‘Democracy Not at Work’: Chaos in Congress as House Democrats Blocked From Forcing a Vote To Keep Government Operating

House Democrats are bashing the speaker for keeping Republicans out of town this week in order to put pressure on Senate Democrats.

AP/J. Scott Applewhite
The House minority leader, Hakeem Jeffries, speaks on the steps of the Capitol. AP/J. Scott Applewhite

House Democrats on Tuesday were blocked from trying to force a vote on their government funding proposal, just 12 hours before the government shutdown deadline. When the House came into session, they were not recognized despite hundreds of lawmakers shouting on the floor. 

After winning nothing from Republicans in March during the last funding battle, Democrats are resolved this time to get some kind of concessions from the majority. Their demands have focused on extending Biden-era enhanced tax credits for those who get their health insurance through the Affordable Care Act. 
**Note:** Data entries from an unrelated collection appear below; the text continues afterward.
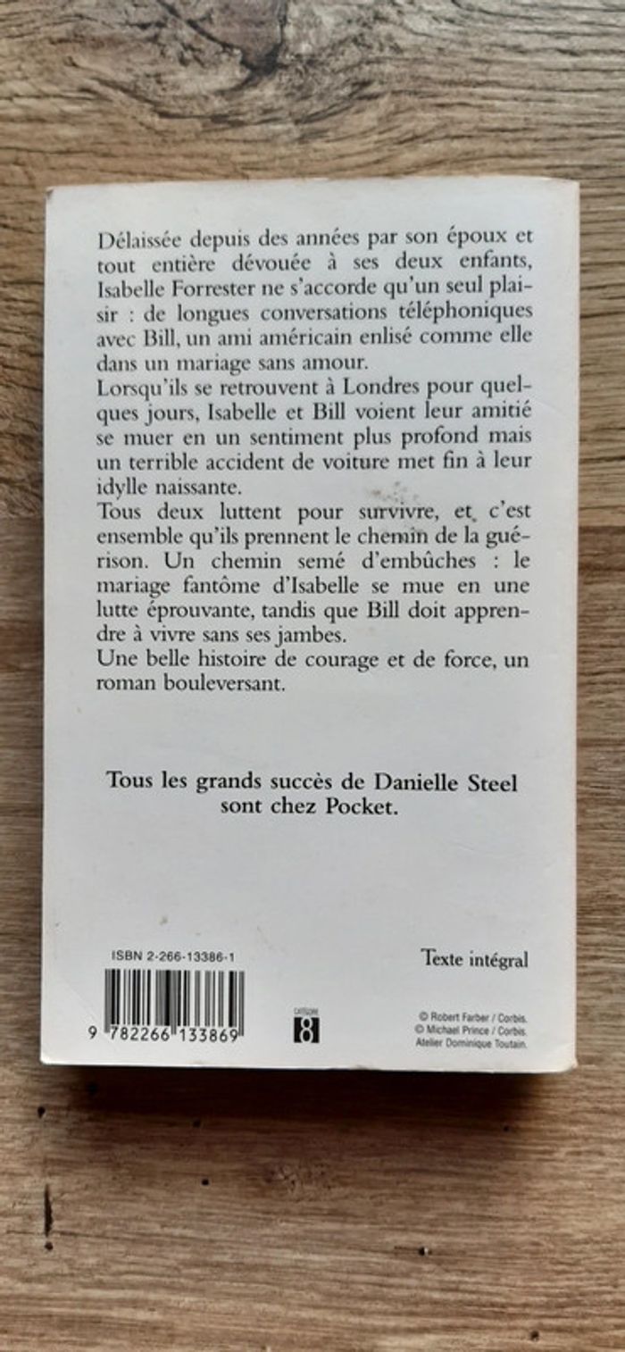 Délaissée depuis des années par son époux et tout entière dévouée à ses deux enfants, Isabelle Forrester ne s'accorde qu'un seul plaisir : de longues conversations téléphoniques avec Bill, un ami américain enlisé comme elle dans un mariage sans amour. Lorsqu'ils se retrouvent à Londres pour quelques jours, Isabelle et Bill voient leur amitié se muer en un sentiment plus profond mais un terrible accident de voiture met fin à leur idylle naissante. Tous deux luttent pour survivre, et c'est ensemble qu'ils prennent le chemin de la guérison. Un chemin semé d'embûches : le mariage fantôme d'Isabelle se mue en une lutte éprouvante, tandis que Bill doit apprendre à vivre sans ses jambes. Une belle histoire de courage et de force, un roman bouleversant.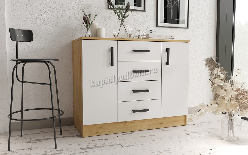 Комод К1000 2Д (Дуб Вотан/Белый) наличие товара: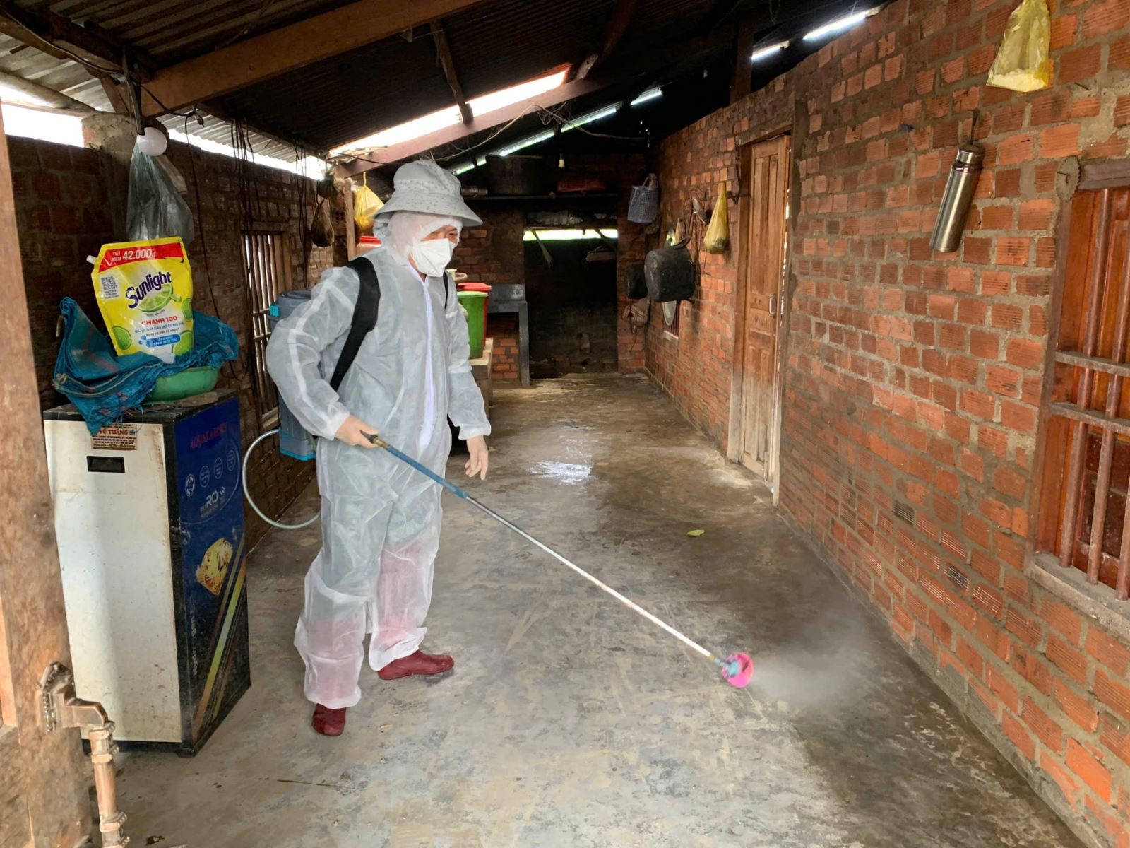 Cán bộ Trung tâm Kiểm soát bệnh tật tỉnh Đắk Lắk phun khử khuẩn, vệ sinh môi trường sau lũ lụt.

A bill from Democrats on the House and Senate Appropriations committees would make the subsidies permanent at a cost of more than $300 billion over 10 years. On Tuesday morning, when the House was called into a ceremonial pro forma session, the top Democrat on the appropriations panel, Congresswoman Rosa DeLauro, sought to be recognized by the Republican lawmaker sitting in the speaker’s chair. 

Despite her calls to be recognized and hundreds of fellow Democrats standing behind her on the floor, she was ignored and the House was recessed until another pro forma session on Friday. 

When asked if the GOP lawmaker in the speaker’s chair, Congressman Morgan Griffith, even looked at her, Ms. DeLauro told reporters he “put his head down” and did not acknowledge her. 

“I have a loud voice,” she said jokingly. Another Democrat, Congresswoman Debbie Dingell, asked: “How could anybody say that the speaker presiding did not hear her?”

“Everbody else behind her was asking for the same thing,” Ms. Dingell said. “That was democracy not at work.”

With hours to go until the midnight shutdown deadline, key Senate Democrats are not yet disclosing how they will vote on Tuesday afternoon. Senator John Thune needs eight Democrats in the chamber to break ranks in order to get to 60 votes, which would then allow the Senate to proceed to the bill on a simple majority vote.

When asked by The New York Sun if she felt confident that Democratic senators would hold the line later that day, Ms. DeLauro would not even entertain the possibility that House Democrats could be betrayed like they were in March. 

“All I can tell you is that the House and the Senate are on the same page. Let’s not create, you know, a split,” Ms. DeLauro said. “We’re on the same page, and that’s what’s going to happen today.”

Mr. Thune refused to even entertain Democrats’ demands, and is accusing the opposition of “hostage-taking.” He has said he will not consider their proposals, even if the government shuts down at the end of the day on Tuesday.

“I mean, at some point, you know, they’re just going to need to keep voting it down,” Mr. Thune told the Sun Monday night after he returned from a bipartisan meeting at the White House. “The only thing right now standing between our country and a shutdown is Senate Democrats.”